I recently posted https://stats.stackexchange.com/questions/153335/multinomial-mixture-model but got no answer. Hence I take the liberty to present what I came up with on my own and a follow up question:
I have two processes which generate a series of A,C,G,T's. Let's say I know the probabilities for each process to generate a particular base.
prob1 = c( 1/100,1/100,97/100,1/100 )
prob2 = c( 1/4, 1/4, 1/4, 1/4 )
I can test a random variable observed
with a chi-squared if it can be explained by one of the processes (e.g., process1) by
N=length(observed)
chi2_statistic <- sum( (observed-(N*prob1))^2/(N*prob1) )
pchisq(chi2_statistic,df=4-1, lower.tail=FALSE)

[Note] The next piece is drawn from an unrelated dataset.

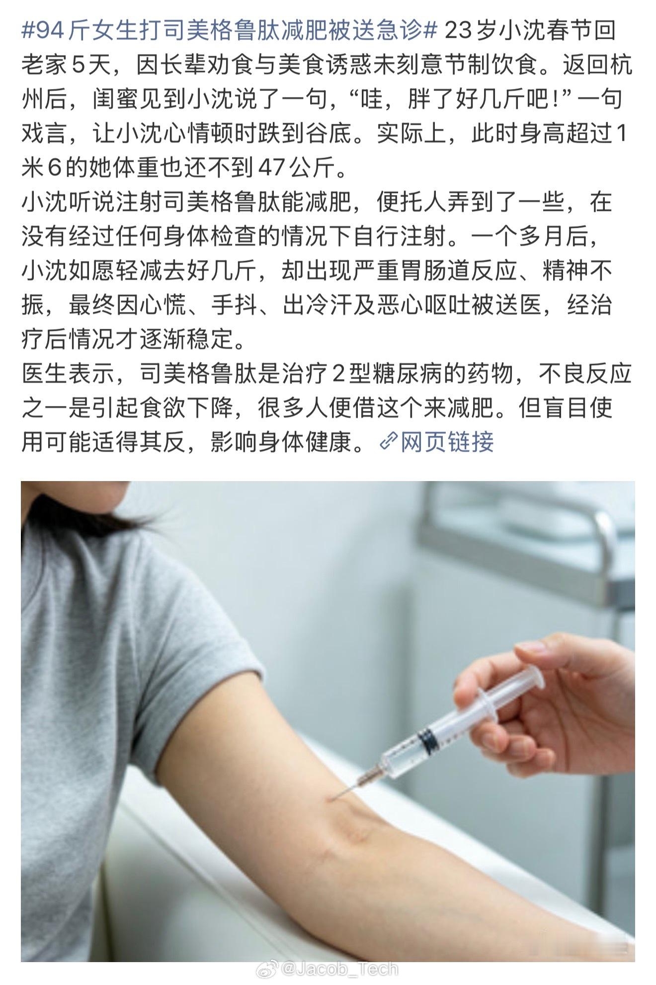 94斤女生打司美格鲁肽减肥被送急诊那些随便评论别人身材的人真的该把嘴巴给缝起来

Here, the number of degrees of freedom is df=4-1
as I learnt from several sources.
But to test if my variable observed
can be better explained by the mixture of process1 and process2, I came up with the following procedure:
I test all values of f=seq(1/100,99/100,1/100)
if observed
can be explained by a mixture of f
process1 and 1-f
process2
f <- 1/3
prob_mix <- prob1 * (1-f) + prob2 * (f)
Again I can use this merged or mixed probabilities in a chi-squared test if this explains my observed
variable better.
chi2_statistic <- sum( (observed-(N*prob_mix))^2/(N*prob_mix) )
pchisq(chi2_statistic,df=4-2, lower.tail=FALSE)
Two questions:
Do you think such an procedure is statistically sound? (I tested it with simulated data and do like the results)
For the
pchisq
: what is the appropriate number of degrees of freedom since I have still 4 categories but somehow merged probabilities. My intuition tells me that the number of degrees of freedom is larger, but I'd like to have favoured to explain my data without this mixture process; therefore I should include a smaller df (therefore I used 2 so far). Can somebody deduce the precise df?